Source records
☆ ☆ ☆ ☆ ☆

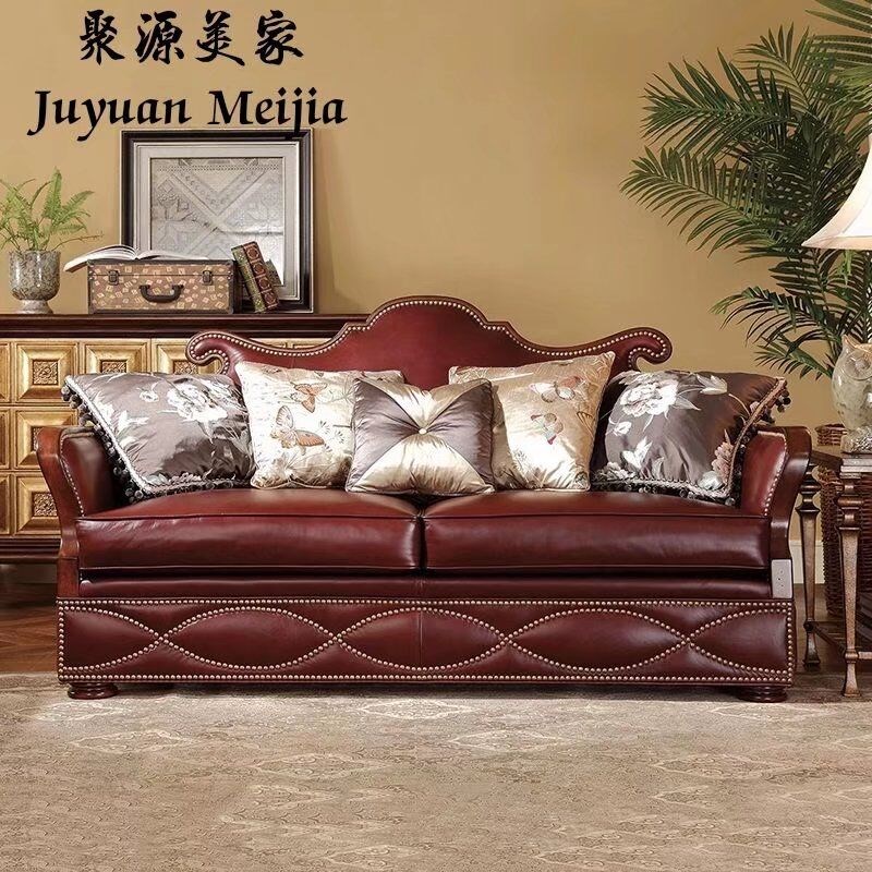 欧式真皮沙发美式复古实木头层牛皮中古风小户型123组合三人沙发
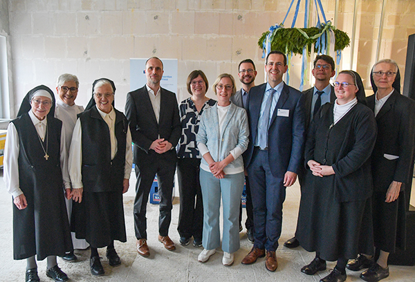 Das Jahr fängt gut an – Richtfest über den Dächern von Speyer: Sebastian Schäfer und Barbara Brandt (Pflegedirektoren), Clemens Hoch (Minister für Wissenschaft und Gesundheit), Dr. Wolfgang Schell und Oliver Heath (Vorstand der Krankenhaus-Stiftung der Niederbronner Schwestern), Oberbürgermeisterin Stefanie Seiler, Phillip Nowak (Verwaltungsdirektor), Sr. Beata Maria (Oberin im Sankt Vincentius Krankenhaus), Sr. Barbara Geißinger (Provinzoberin der Kongregation der Niederbronner Schwestern, Provinz Deutschland-Österreich), Sr. Klara Sexlinger (Generalassistentin, Generalrat der Kongregation der Niederbronner Schwestern, Elsass), Pastoralreferentin Sigrid Sandmeier
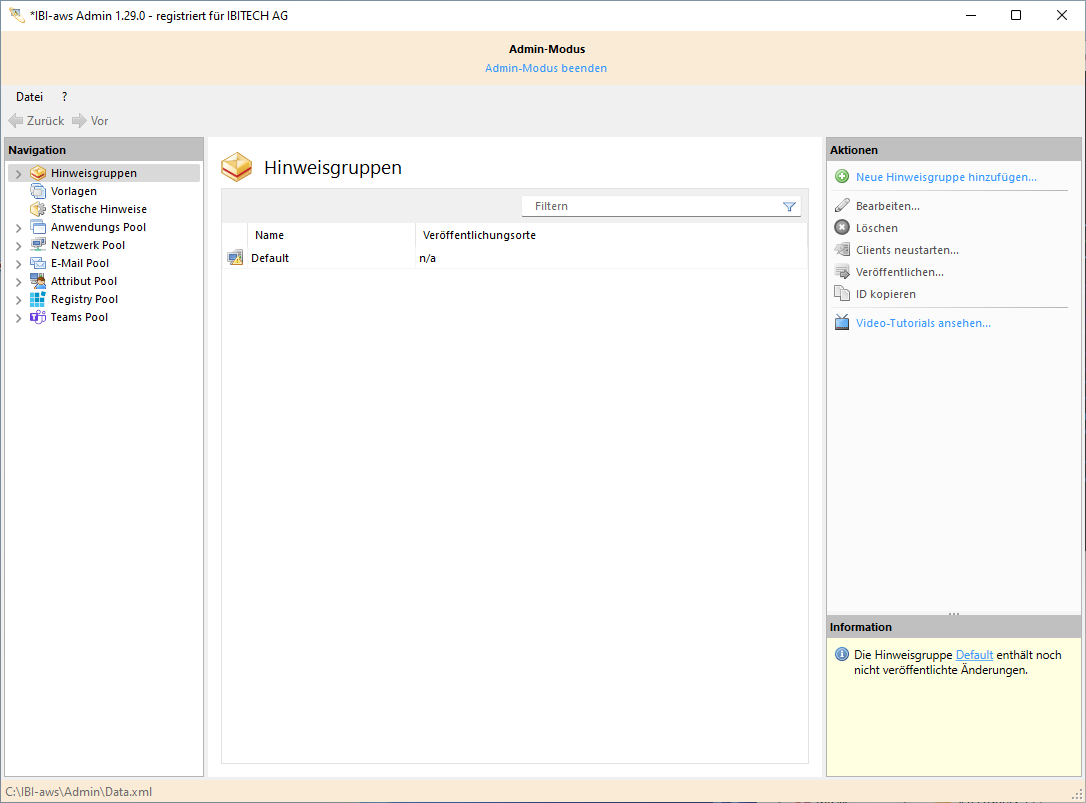 Auf der linken Seite befindet sich die Navigation, welche Zugang zu den Hinweisgruppen, Vorlagen, statischen Hinweisen, dem Anwendungs Pool, Netzwerk Pool, E-Mail Pool, Attribut Pool sowie Registry Pool bietet.
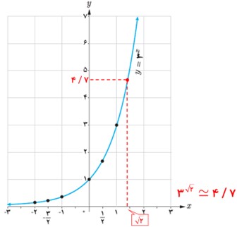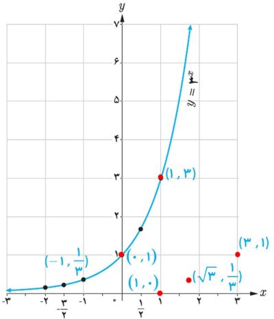 الف نمودار تابع با ضابطهٔ y=3x را رسم کنید و مقدار تقریبی عدد را با توجه به نمودار به دست آورید.
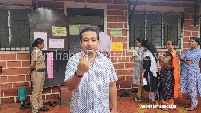 आमदार नितेश राणे यांनी रांगेत उभे राहत बजावला मतदानाचा हक्क
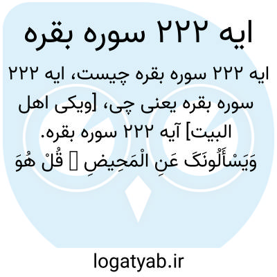 [ویکی اهل البیت] آیه 222 سوره بقره. وَیَسْأَلُونَکَ عَنِ الْمَحِیضِ ۖ قُلْ هُوَ أَذًی فَاعْتَزِلُوا النِّسَاءَ فِی الْمَحِیضِ ۖ وَلَا تَقْرَبُوهُنَّ حَتَّیٰ یَطْهُرْنَ ۖ فَإِذَا تَطَهَّرْنَ فَأْتُوهُنَّ مِنْ حَیْثُ أَمَرَکُمُ اللَّهُ ۚ إِنَّ اللَّهَ یُحِبُّ التَّوَّابِینَ وَیُحِبُّ الْمُتَطَهِّرِینَ
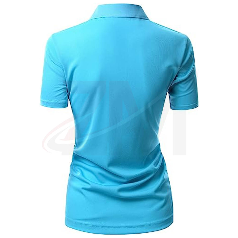 เสื้อโปโลผู้หญิงแฟชั่นใหม่สีน้ำเงิน 3 กระดุม ผลิตในปากีสถาน ราคาสมเหตุสมผล รับสกรีนโลโก้แบรนด์ตามสั่ง
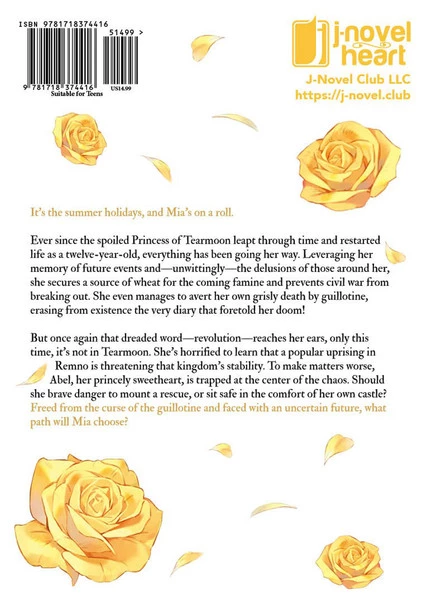 Ever since the spoiled princess of Tearmoon leapt through time and restarted life as a twelve-year-old, everything has been going her way. Leveraging her memory of future events and—unwittingly—the delusions of those around her, she secures a source of wheat for the coming famine and prevents civil war from breaking out. She even manages to avert her own grisly death by guillotine, erasing from existence the very diary that foretold her doom!
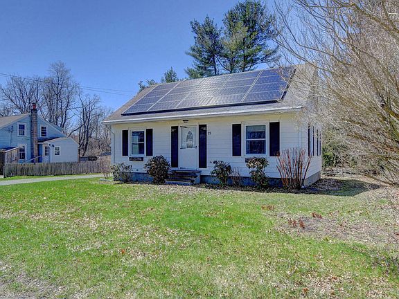 This pretty updated and renovated Cape style home has so much to offer. The kitchen is tastefully done with a beautiful tile floor. The main floor bathroom boasts newer commode and pedestal sink. It is freshly painted. Large main floor bedroom if you don't want to do stairs. The formal dining room with builtin china hutch and sliders to the deck have beautiful wood floors, as does the living room. The home has solar on the roof and is transferable to a new owner. A nice back deck, one car garage and flat backyard make this a great buy!
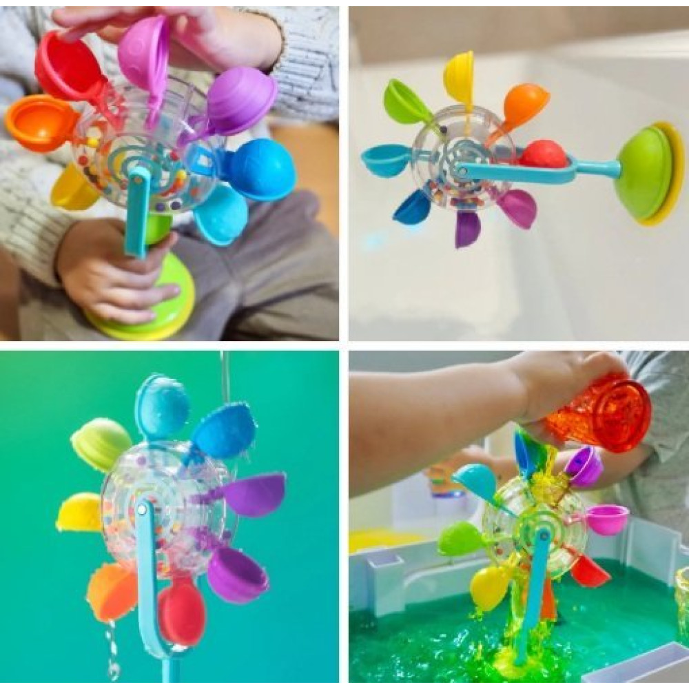 Un juguete de baño único, impulsado por agua, ¡para divertirse y aprender a la vez!<
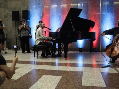 Συγκινητικές είναι οι εικόνες από εκδήλωση στο μετρό Συντάγματος, όπου αποδίδεται φόρος τιμής στον σπουδαίο μουσικοσυνθέτη Μίκη Θεοδωράκη, μέσα από τα τραγούδια του. Οι έμπειροι μουσικοί Βαγγέλης Μπόντας και Δημήτρης Γούζιος ερμηνεύουν τραγούδια του Μίκη, μεταξύ των οποίων τα χιλιοτραγουδισμένα: Αγάπη μου, Όμορφη πόλη, Μαργαρίτα μαγιοπούλα, Άρνηση και Νύχτα Μαγικιά. Μια πρωτοβουλία της ΣΤΑ.ΣΥ. που προσφέρεται από την Κρατική Ορχήστρα Αθηνών.
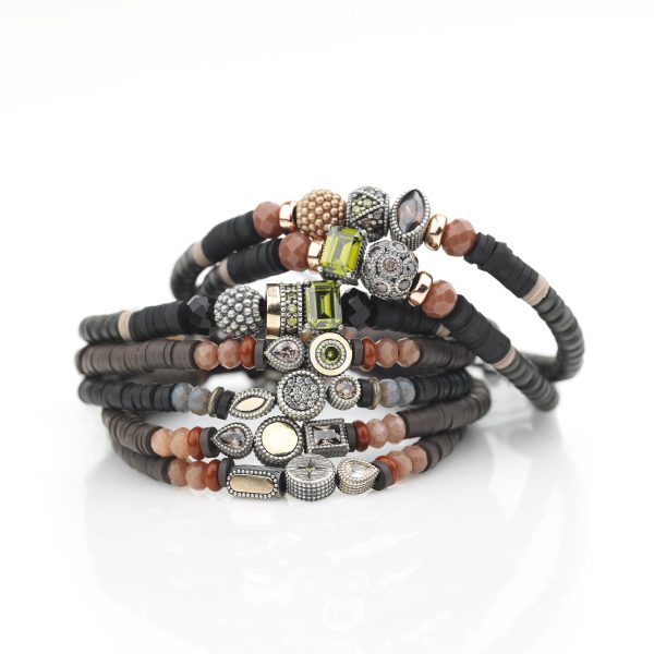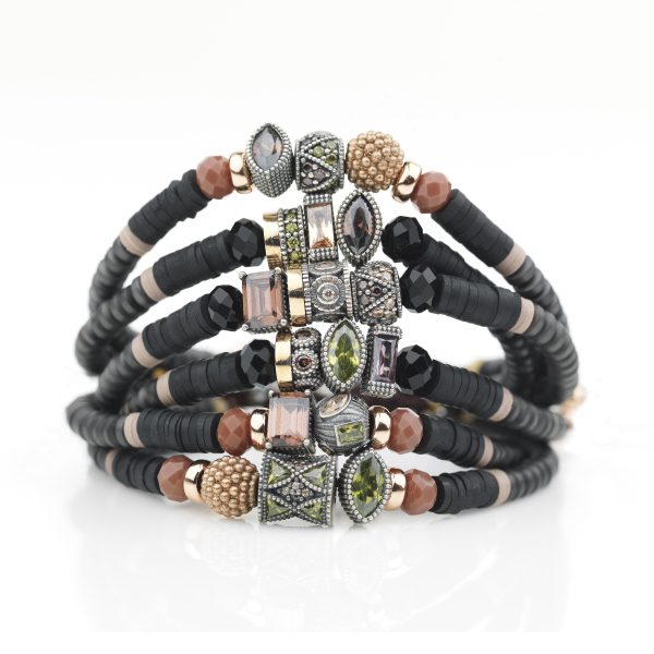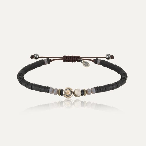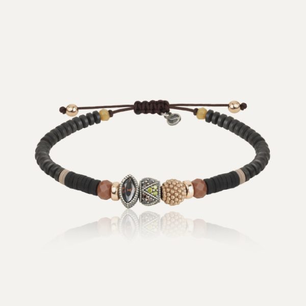 Pulsera de plata de ley 925 con oro de 9 kt, cuentas de cristal, hematites, caucho y nylon.

☆ ☆ ☆ ☆ ☆

## [PROBLEM STATEMENT]
Above are some entries. Restate word for word the lines from the one holding "आमदार नितेश राणे" through the one holding "Un juguete de", but not the pictures.

## [EXERCISE RESULT]
 आमदार नितेश राणे यांनी रांगेत उभे राहत बजावला मतदानाचा हक्क
 [ویکی اهل البیت] آیه 222 سوره بقره. وَیَسْأَلُونَکَ عَنِ الْمَحِیضِ ۖ قُلْ هُوَ أَذًی فَاعْتَزِلُوا النِّسَاءَ فِی الْمَحِیضِ ۖ وَلَا تَقْرَبُوهُنَّ حَتَّیٰ یَطْهُرْنَ ۖ فَإِذَا تَطَهَّرْنَ فَأْتُوهُنَّ مِنْ حَیْثُ أَمَرَکُمُ اللَّهُ ۚ إِنَّ اللَّهَ یُحِبُّ التَّوَّابِینَ وَیُحِبُّ الْمُتَطَهِّرِینَ
 เสื้อโปโลผู้หญิงแฟชั่นใหม่สีน้ำเงิน 3 กระดุม ผลิตในปากีสถาน ราคาสมเหตุสมผล รับสกรีนโลโก้แบรนด์ตามสั่ง
 Ever since the spoiled princess of Tearmoon leapt through time and restarted life as a twelve-year-old, everything has been going her way. Leveraging her memory of future events and—unwittingly—the delusions of those around her, she secures a source of wheat for the coming famine and prevents civil war from breaking out. She even manages to avert her own grisly death by guillotine, erasing from existence the very diary that foretold her doom!
 This pretty updated and renovated Cape style home has so much to offer. The kitchen is tastefully done with a beautiful tile floor. The main floor bathroom boasts newer commode and pedestal sink. It is freshly painted. Large main floor bedroom if you don't want to do stairs. The formal dining room with builtin china hutch and sliders to the deck have beautiful wood floors, as does the living room. The home has solar on the roof and is transferable to a new owner. A nice back deck, one car garage and flat backyard make this a great buy!
 Un juguete de baño único, impulsado por agua, ¡para divertirse y aprender a la vez!<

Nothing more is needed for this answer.